RECORDS SUPPLIED
= Beginning of Section =

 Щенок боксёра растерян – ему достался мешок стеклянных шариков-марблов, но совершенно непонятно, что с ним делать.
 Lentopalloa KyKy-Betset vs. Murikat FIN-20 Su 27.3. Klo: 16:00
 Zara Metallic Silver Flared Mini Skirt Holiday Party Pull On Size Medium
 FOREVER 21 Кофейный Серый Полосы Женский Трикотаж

= End of Section =
= Beginning of Section =

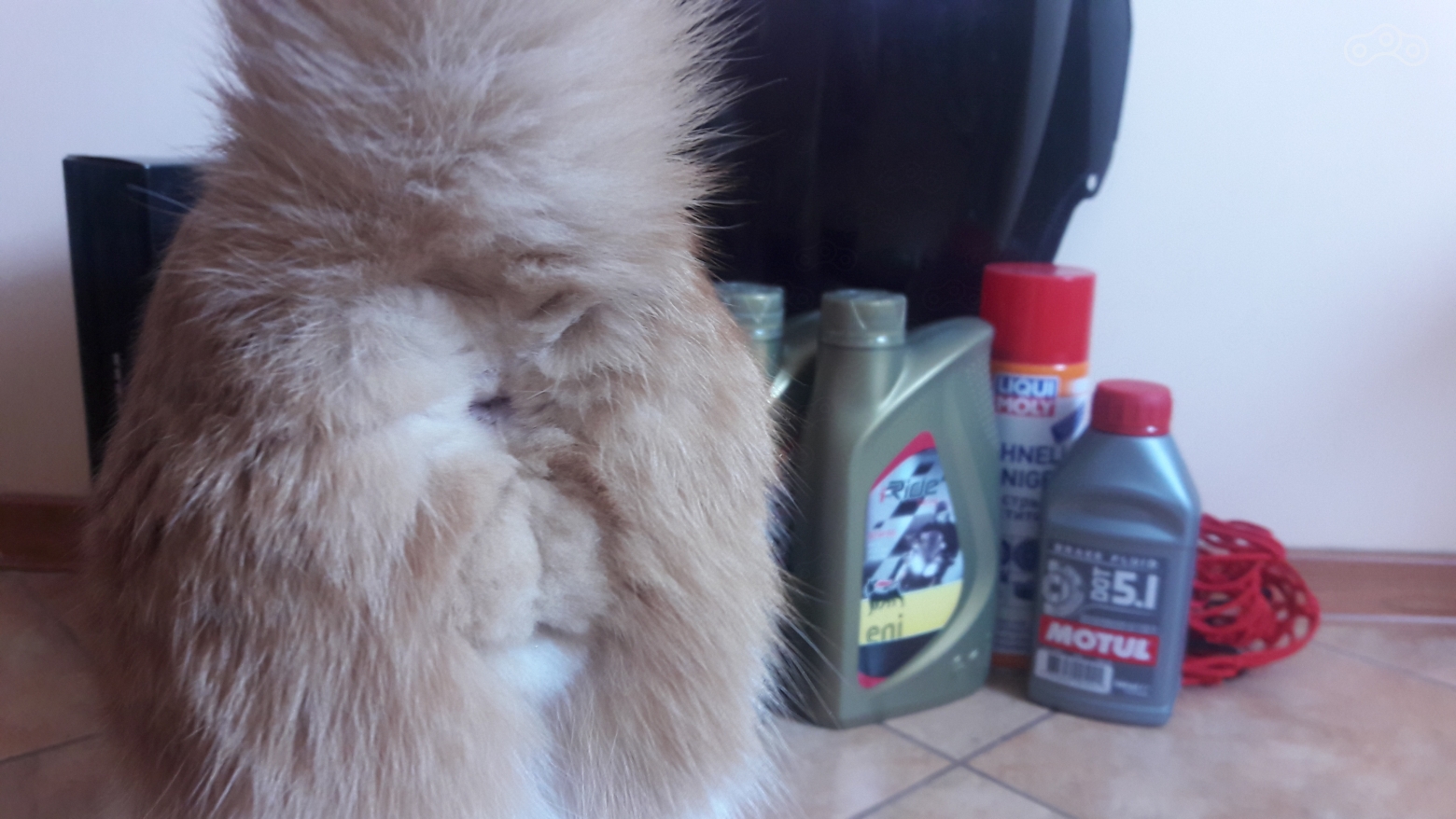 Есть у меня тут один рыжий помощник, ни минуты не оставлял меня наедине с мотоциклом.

= End of Section =
= Beginning of Section =

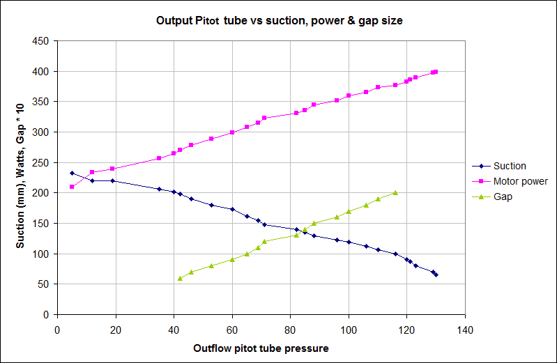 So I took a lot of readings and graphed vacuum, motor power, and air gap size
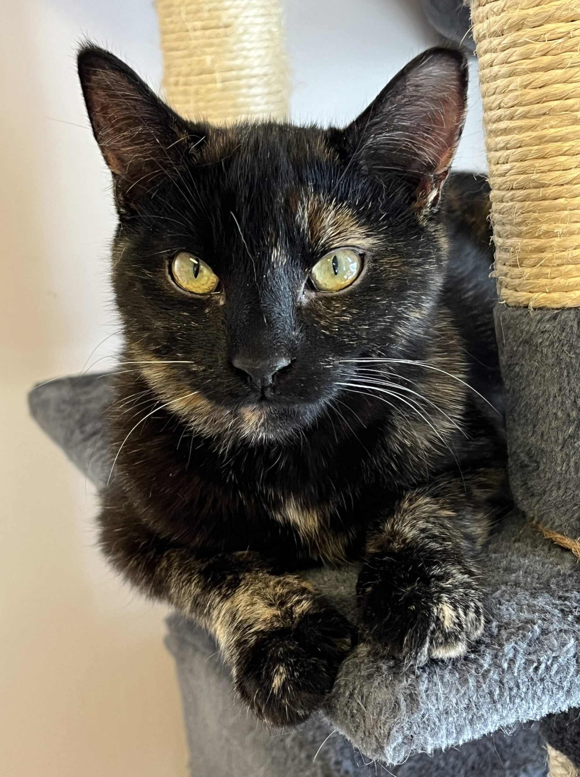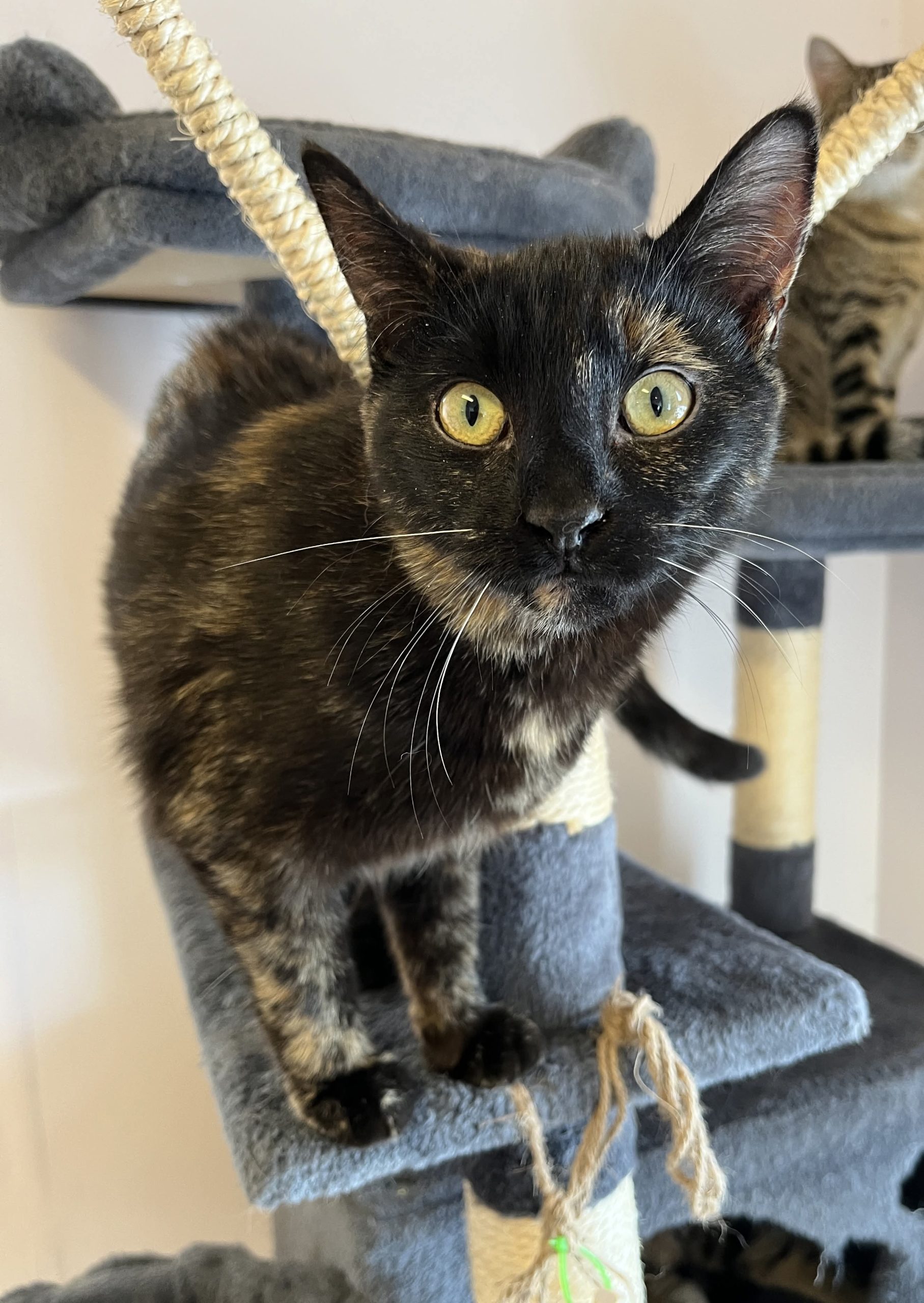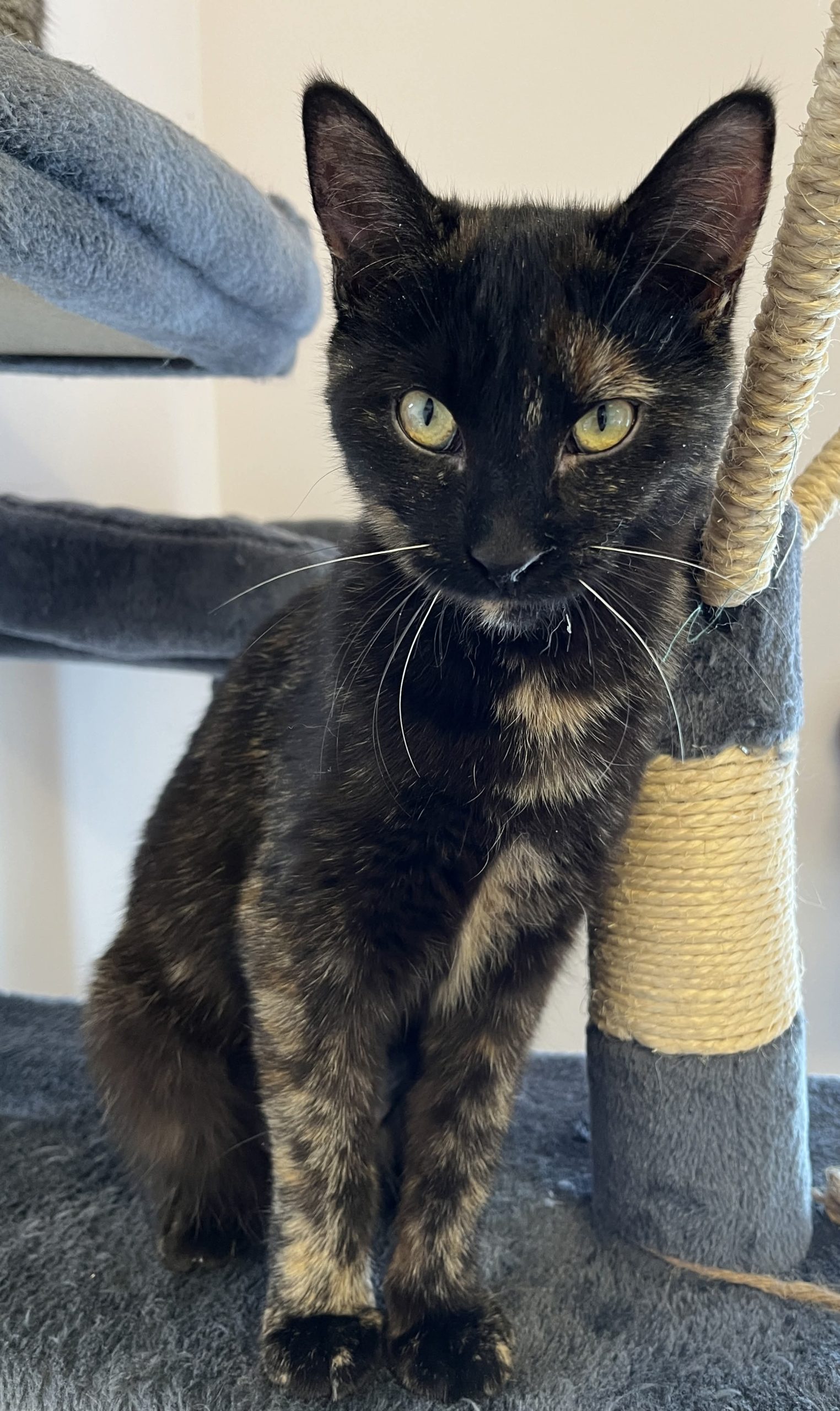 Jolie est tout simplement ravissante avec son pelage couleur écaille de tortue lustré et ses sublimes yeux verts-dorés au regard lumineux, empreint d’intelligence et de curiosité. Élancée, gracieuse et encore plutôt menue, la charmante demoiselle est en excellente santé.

= End of Section =

PROMPT
Take the records above and return, word for word, only the lines that fall from the line with "Щенок боксёра растерян" to the line with "FOREVER 21 Кофейный", both of them included.

PROBLEM SOLUTION
 Щенок боксёра растерян – ему достался мешок стеклянных шариков-марблов, но совершенно непонятно, что с ним делать.
 Lentopalloa KyKy-Betset vs. Murikat FIN-20 Su 27.3. Klo: 16:00
 Zara Metallic Silver Flared Mini Skirt Holiday Party Pull On Size Medium
 FOREVER 21 Кофейный Серый Полосы Женский Трикотаж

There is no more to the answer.